Experiment with herbs and spices. Use sweet-tasting herbs and spices such as mint, cinnamon, allspice, or nutmeg to add sweetness to food without the empty calories. Learn what a regular portion size looks like. The portion sizes that you and your family are used to eating may be equal to two or three true servings. To keep calories in check, try to limit portions to the size of your fist. Read food labels. Information about serving size and calories can be found on the backs of packaging. You may be surprised at how small the recommended portions are or how many calories are in the dish.
Use smaller dishes. Dish up in the kitchen. To minimize the temptation of second and third helpings, serve food on individual plates, instead of putting the serving dishes on the table.
Divide food from large packages into smaller containers. The larger the package of potato chips, for example, the more people tend to eat without realizing it. Cut up high-calorie treats such as cheese, pizza, or chocolate into smaller pieces—and offer your child fewer pieces. Downsize orders. Order half-orders or a medium size instead of a large. Children who sit too much and move too little are at the highest risk for becoming overweight.
Kids need an hour of exercise a day for optimum health. It used to be commonplace to find children running around and playing in the streets of their neighborhoods, naturally expending energy and getting exercise. Play active indoor games. Put the remote away and organize some active indoor games. You can play tag perhaps crawling tag, so that you keep messes to a minimum , hide-and-seek, or Simon Says think jumping jacks and stretches. Try activity-based video games , such as those from Wii and Kinect which are played standing up and moving around—simulating dancing, skateboarding, soccer, bowling, or tennis.
Once your child gains in confidence, get away from the screen and play the real thing outside. Get active outside with your child. Take a walk together, bike around the neighborhood, explore a local park, visit a playground, or play in the yard.
If it makes sense for your neighborhood and schedule, walk to and from activities and school. Do chores together. Mopping, sweeping, taking out trash, dusting or vacuuming burns a surprising number of calories. Enroll children in after school sports or other activities. If your budget allows, sign your child up to play a sport or get involved in an activity where they are physically active.
Sometimes having a goal in mind can motivate even the most reluctant exercisers. Be sure to celebrate when you accomplish this feat. Remember how important it is for you to be a positive role model—so you may have to cut down on your own viewing habits, too.

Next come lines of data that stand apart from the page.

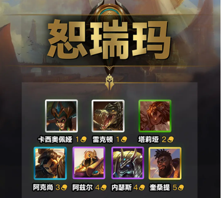 恕瑞玛体系包含1费至4费共7名角色,涵盖前中后期多个阶段。雷克顿与卡西奥佩娅作为低费卡适合前期过渡,阿兹尔与奎桑提则是后期关键输出与坦克。合理搭配人口激活羁绊层级是运营重点。
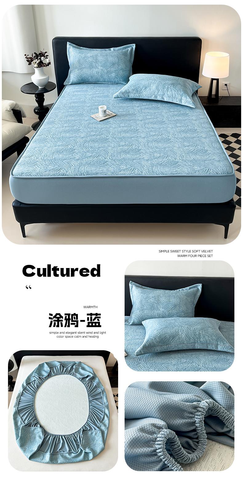 (总)蓝邻家纺 2025新款全棉纯棉磨毛简约系列四件套,白桃麻薯,冰海蓝,豆沙,蓝莓,奶油黄,浅灰,青绿,清新绿,水蓝,水云蓝,桃花粉
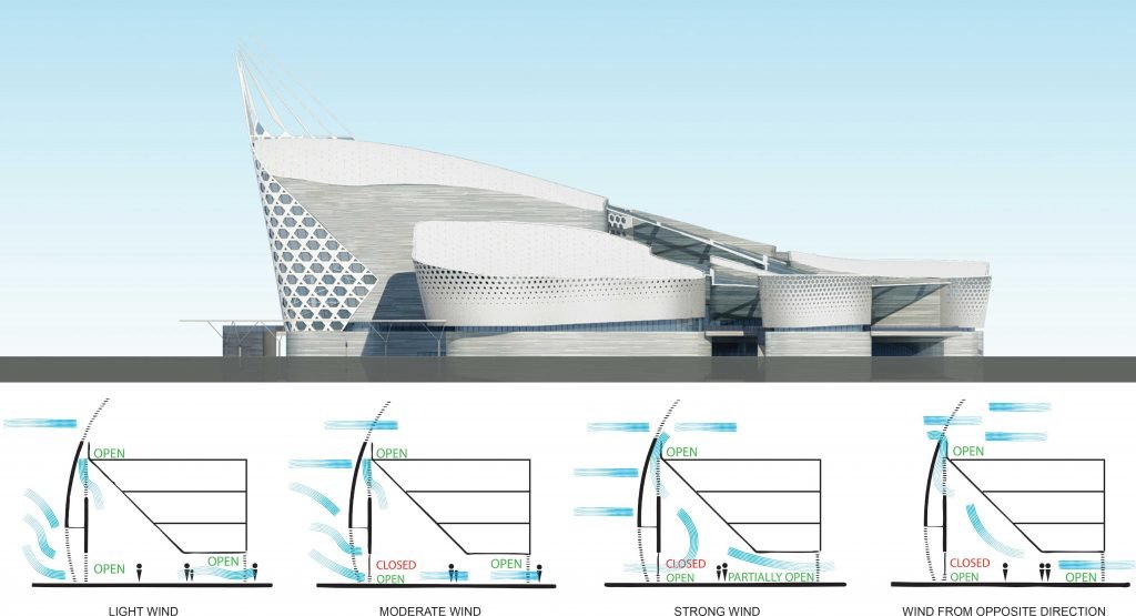 The Theater Building—the complex’s centerpiece—features a second-skin facade, reinterpreting the woven net pattern as an architectural screen. This layer not only reinforces the cultural narrative but also performs a crucial environmental function: the south-east facade shields the interior from strong winds and storms, while the north-facing sides remain open, transparent, and therefore, naturally ventilated toward the central plaza.
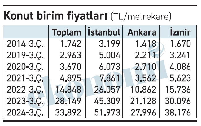 Merkez Bankası’nın hesaplamalarına göre üçüncü çeyrekler itibarıyla 2014’ten 2019’a kadar olan beş yılda konut birim fiyatlarında Türkiye ortalamasında yüzde 70 artış oldu.
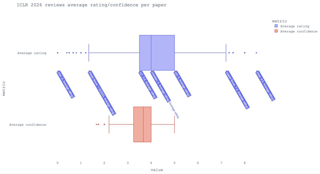 ICLR 2025平均分为5.12分,ICLR 2026平均为4.20。
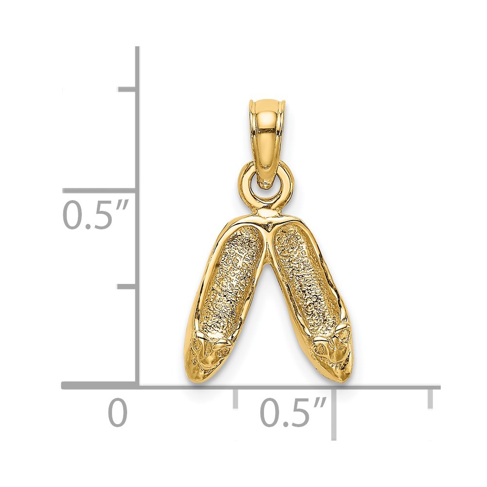 14K 3-D Polished Textured Ballerina Slippers Charm
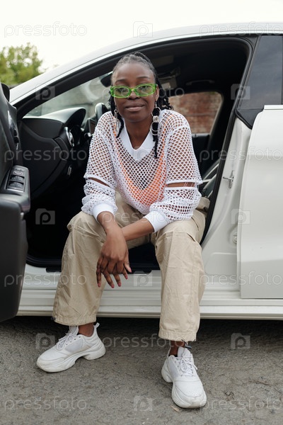 Молодая женщина сидит у двери автомобиля, нося очки

As a parent, few things are cuter than your full-cheeked baby or the chubby knees of your toddler. For some children, however, that adorable baby fat may turn into a health concern. Today, nearly one out of four children and teens in developed countries are overweight or obese. Those extra pounds put kids at risk for developing serious health problems, including diabetes, heart disease, and asthma. Childhood obesity also takes an emotional toll.
Healthy eating is important at any age, but becomes even more so as we reach midlife and beyond. As well as keeping your body healthy, eating well can also be the key to a positive outlook and staying emotionally balanced. Rather, it should be all about enjoying fresh, tasty food, wholesome ingredients, and eating in the company of friends and family.